---- Data section
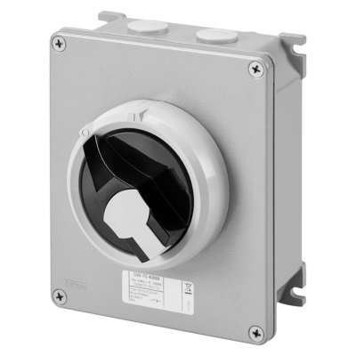 GEWISS 70RT HP ISOLATOR IN METAL ENCL IP66 - BLACK KNOB 40A (AC23A) 3P+N 140x165x64mm
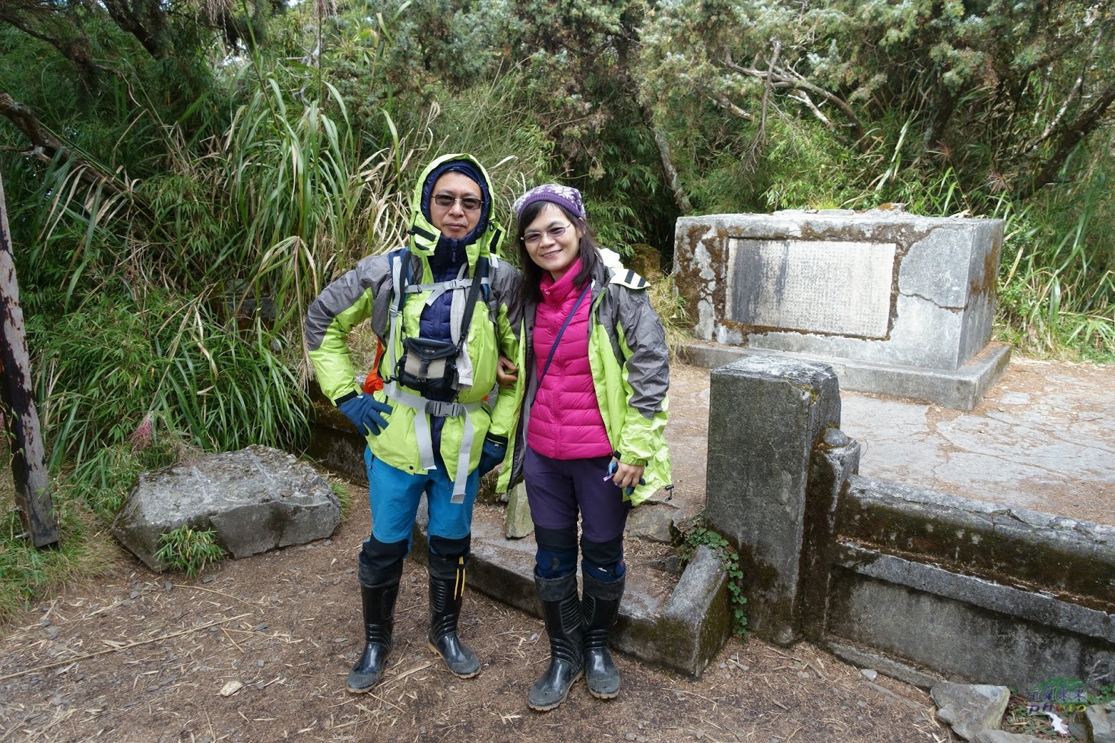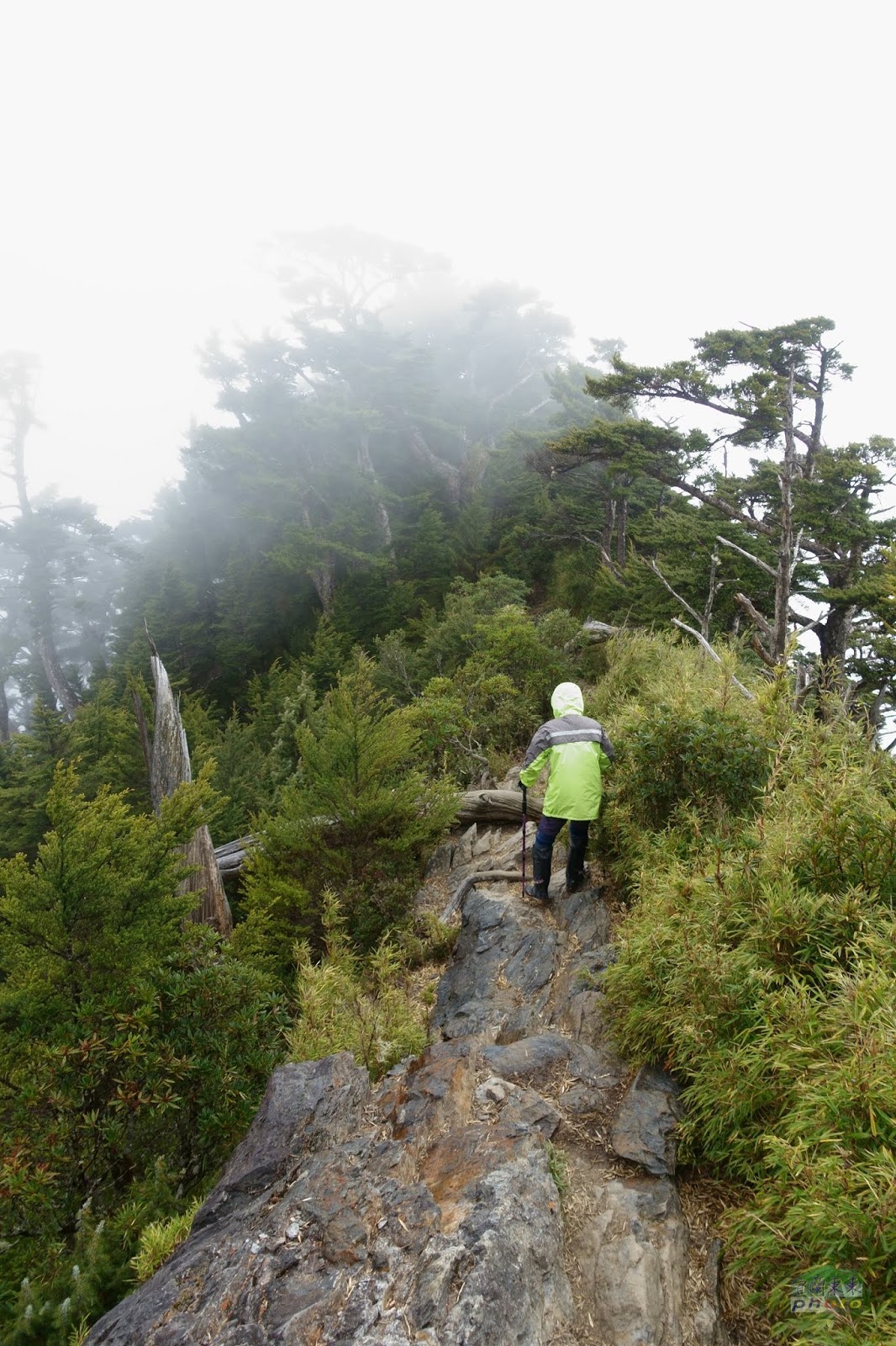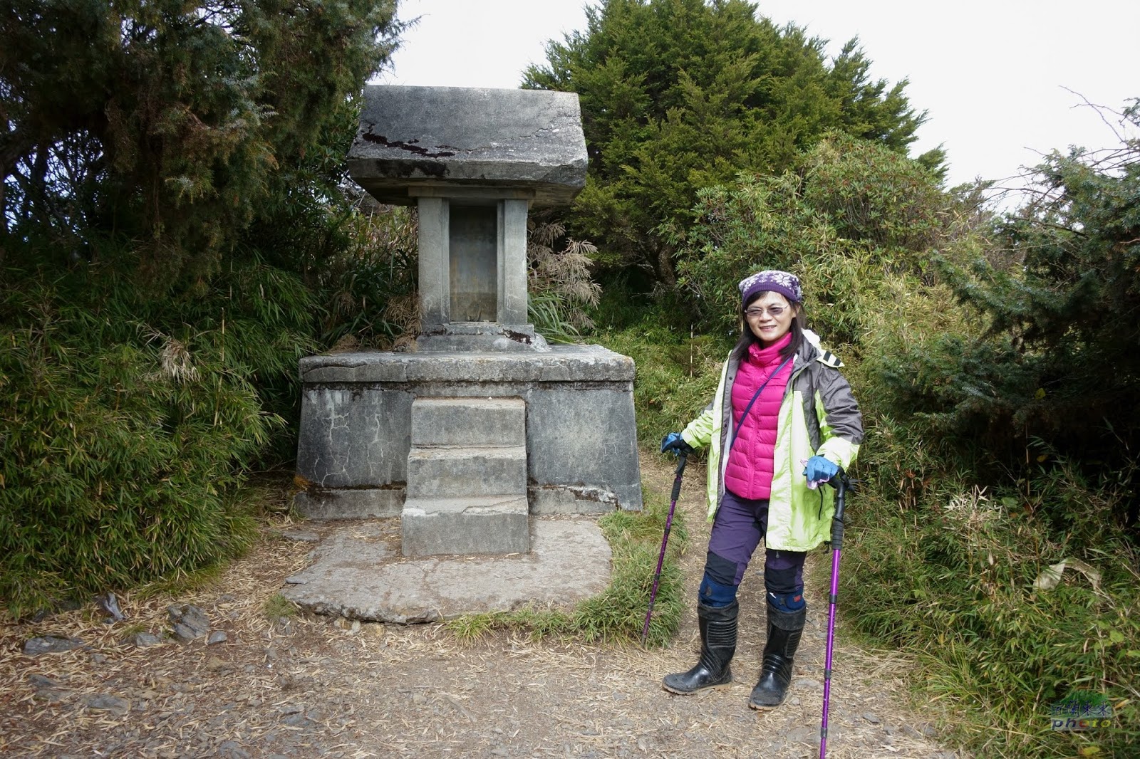 好不容易撐到8k的高砂義勇軍紀念碑和大武祠,已經12點多了,老爺說:只剩1k了, 這時若放棄,再上三角點機會不大,很可惜; 而喜多麗斷崖的夕陽雲海是還有機會看見的。於是在此休息片刻吃完午餐後,不管寒風刺骨,霧雨已來,便一鼓作氣往三角點衝!
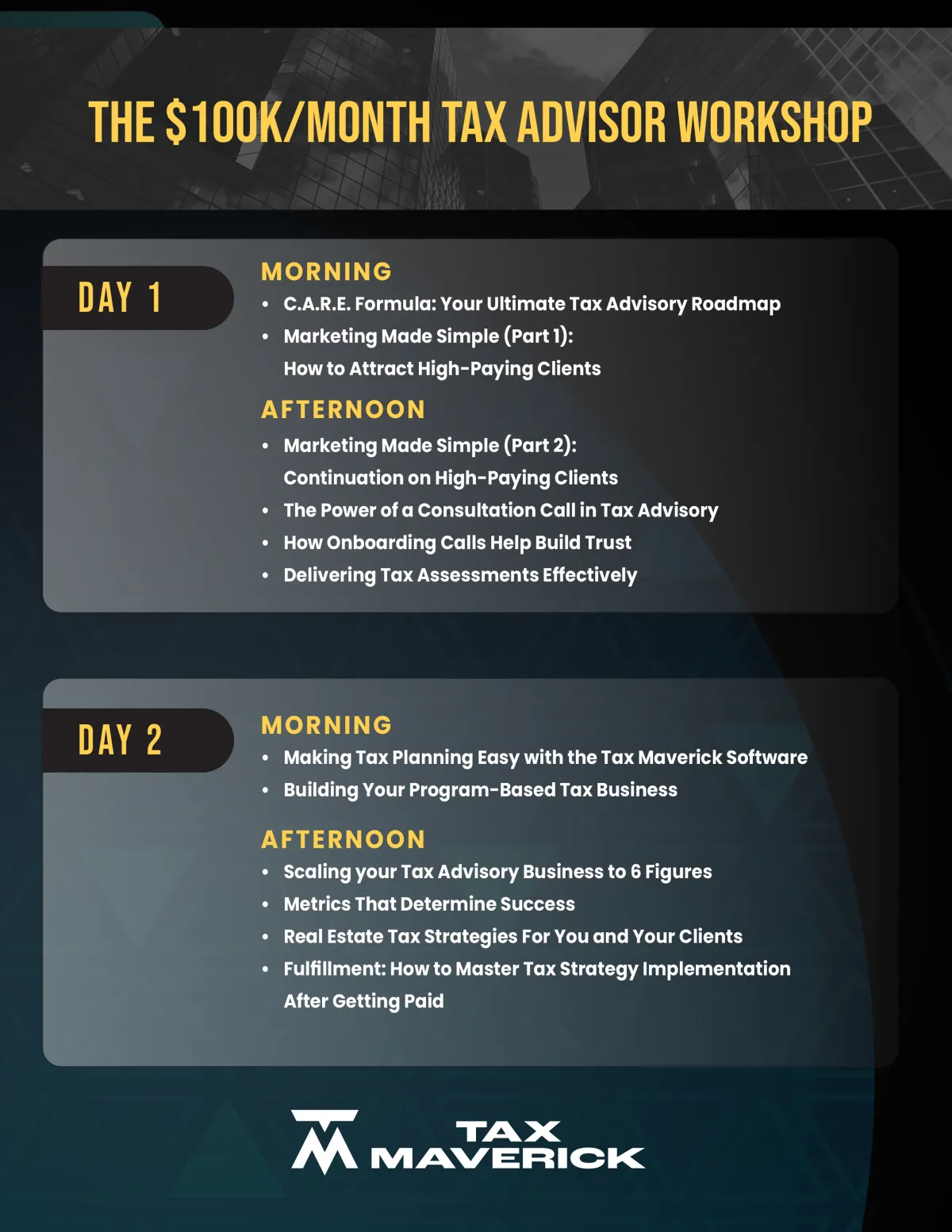 © 2025 The $100k/Month Tax Advisor Workshop | All rights reserved.
--------
- **Work required**:
Pictures aside, please output the whole listing exactly as it appears above.

- **Exercise output**:
 GEWISS 70RT HP ISOLATOR IN METAL ENCL IP66 - BLACK KNOB 40A (AC23A) 3P+N 140x165x64mm
 好不容易撐到8k的高砂義勇軍紀念碑和大武祠,已經12點多了,老爺說:只剩1k了, 這時若放棄,再上三角點機會不大,很可惜; 而喜多麗斷崖的夕陽雲海是還有機會看見的。於是在此休息片刻吃完午餐後,不管寒風刺骨,霧雨已來,便一鼓作氣往三角點衝!
 © 2025 The $100k/Month Tax Advisor Workshop | All rights reserved.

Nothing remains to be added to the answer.